# [SUPPLIED MATERIAL]
((

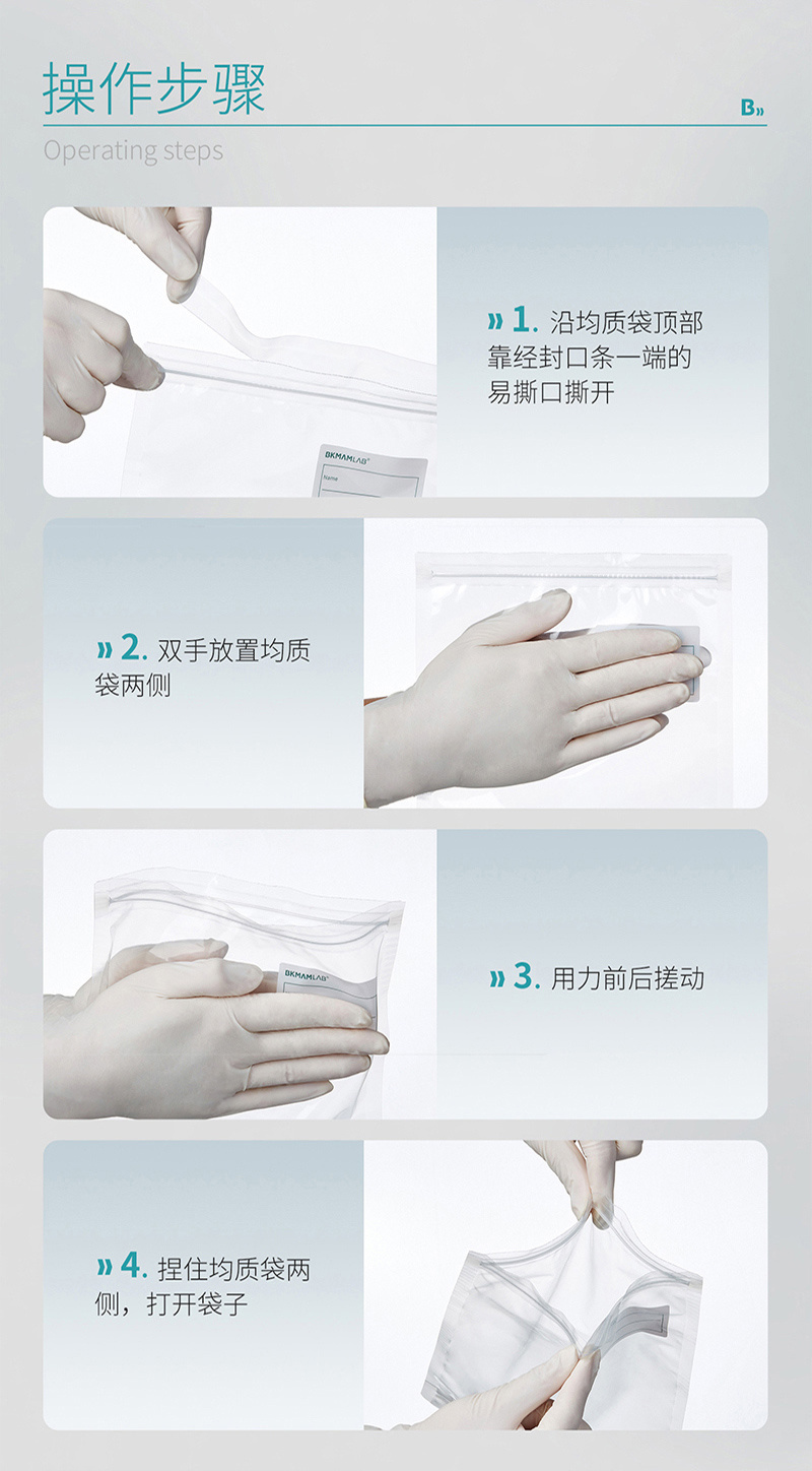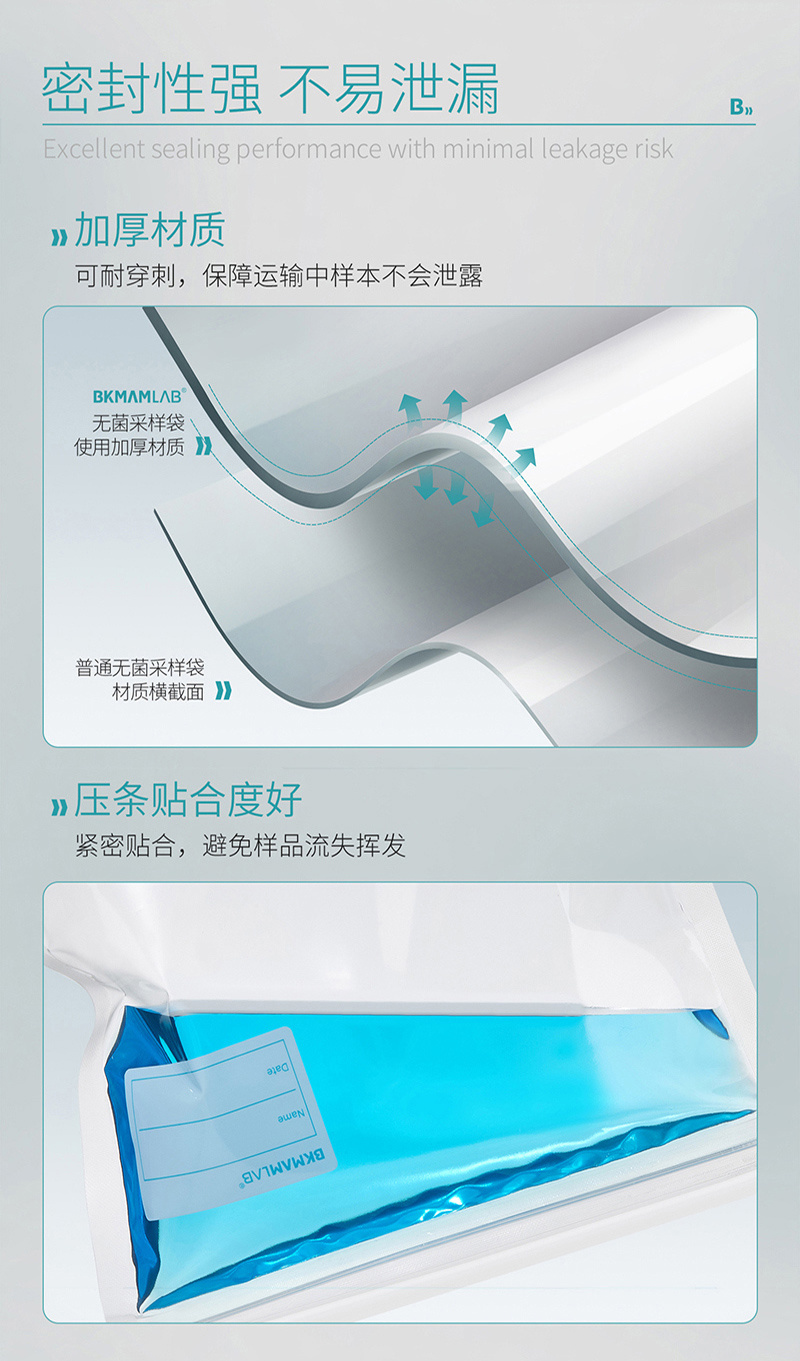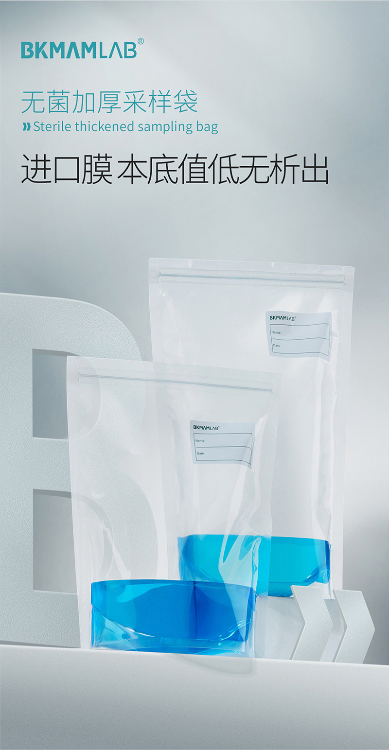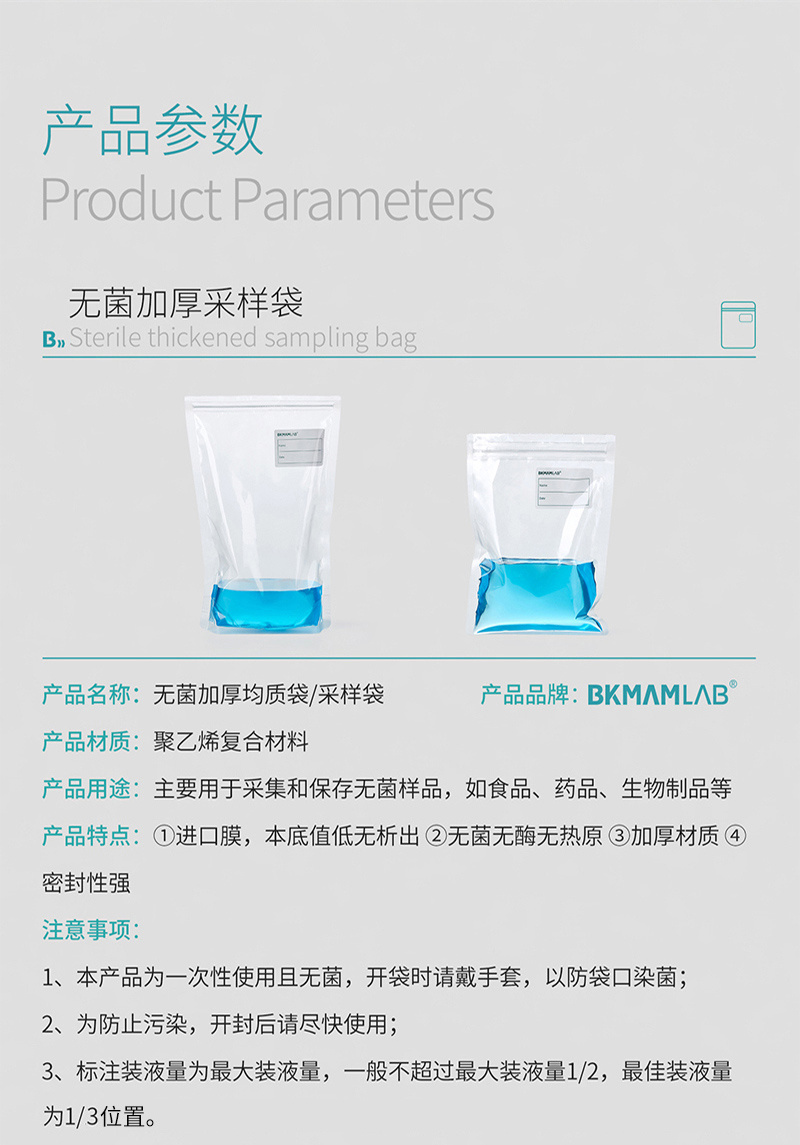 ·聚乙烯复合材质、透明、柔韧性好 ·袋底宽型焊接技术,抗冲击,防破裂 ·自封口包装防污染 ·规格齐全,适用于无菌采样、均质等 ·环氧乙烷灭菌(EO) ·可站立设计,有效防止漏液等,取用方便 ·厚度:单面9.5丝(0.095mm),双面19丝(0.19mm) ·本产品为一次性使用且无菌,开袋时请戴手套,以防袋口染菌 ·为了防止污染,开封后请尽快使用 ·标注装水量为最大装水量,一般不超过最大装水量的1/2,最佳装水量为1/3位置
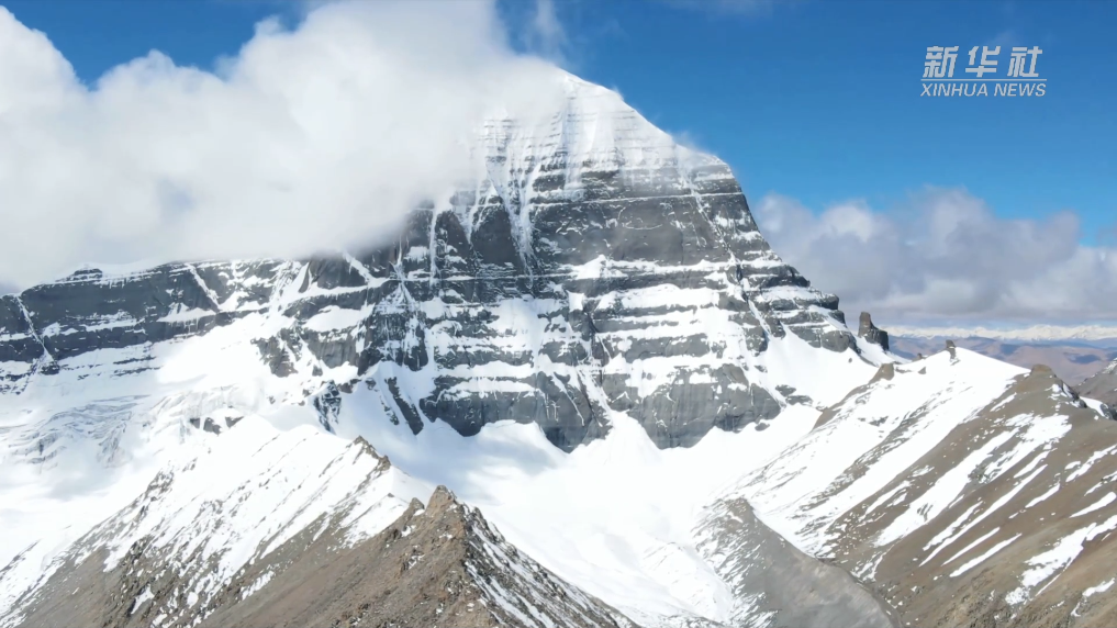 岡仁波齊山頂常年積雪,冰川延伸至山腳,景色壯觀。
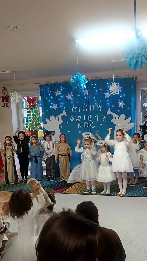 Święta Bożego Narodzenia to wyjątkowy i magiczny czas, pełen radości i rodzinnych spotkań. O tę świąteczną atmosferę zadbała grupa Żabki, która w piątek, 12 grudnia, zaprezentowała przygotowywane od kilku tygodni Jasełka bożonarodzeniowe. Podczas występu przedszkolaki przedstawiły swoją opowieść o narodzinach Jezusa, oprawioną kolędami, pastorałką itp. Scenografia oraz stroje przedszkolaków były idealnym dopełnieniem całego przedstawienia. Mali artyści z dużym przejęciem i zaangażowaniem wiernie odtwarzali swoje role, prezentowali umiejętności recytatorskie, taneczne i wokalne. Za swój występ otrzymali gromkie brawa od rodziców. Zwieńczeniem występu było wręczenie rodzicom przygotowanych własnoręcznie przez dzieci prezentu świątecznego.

))

# [EXERCISE OBJECTIVE]
Restate the listing above word for word, and skip the pictures.

# [RESPONSE BOX]
 ·聚乙烯复合材质、透明、柔韧性好 ·袋底宽型焊接技术,抗冲击,防破裂 ·自封口包装防污染 ·规格齐全,适用于无菌采样、均质等 ·环氧乙烷灭菌(EO) ·可站立设计,有效防止漏液等,取用方便 ·厚度:单面9.5丝(0.095mm),双面19丝(0.19mm) ·本产品为一次性使用且无菌,开袋时请戴手套,以防袋口染菌 ·为了防止污染,开封后请尽快使用 ·标注装水量为最大装水量,一般不超过最大装水量的1/2,最佳装水量为1/3位置
 岡仁波齊山頂常年積雪,冰川延伸至山腳,景色壯觀。
 Święta Bożego Narodzenia to wyjątkowy i magiczny czas, pełen radości i rodzinnych spotkań. O tę świąteczną atmosferę zadbała grupa Żabki, która w piątek, 12 grudnia, zaprezentowała przygotowywane od kilku tygodni Jasełka bożonarodzeniowe. Podczas występu przedszkolaki przedstawiły swoją opowieść o narodzinach Jezusa, oprawioną kolędami, pastorałką itp. Scenografia oraz stroje przedszkolaków były idealnym dopełnieniem całego przedstawienia. Mali artyści z dużym przejęciem i zaangażowaniem wiernie odtwarzali swoje role, prezentowali umiejętności recytatorskie, taneczne i wokalne. Za swój występ otrzymali gromkie brawa od rodziców. Zwieńczeniem występu było wręczenie rodzicom przygotowanych własnoręcznie przez dzieci prezentu świątecznego.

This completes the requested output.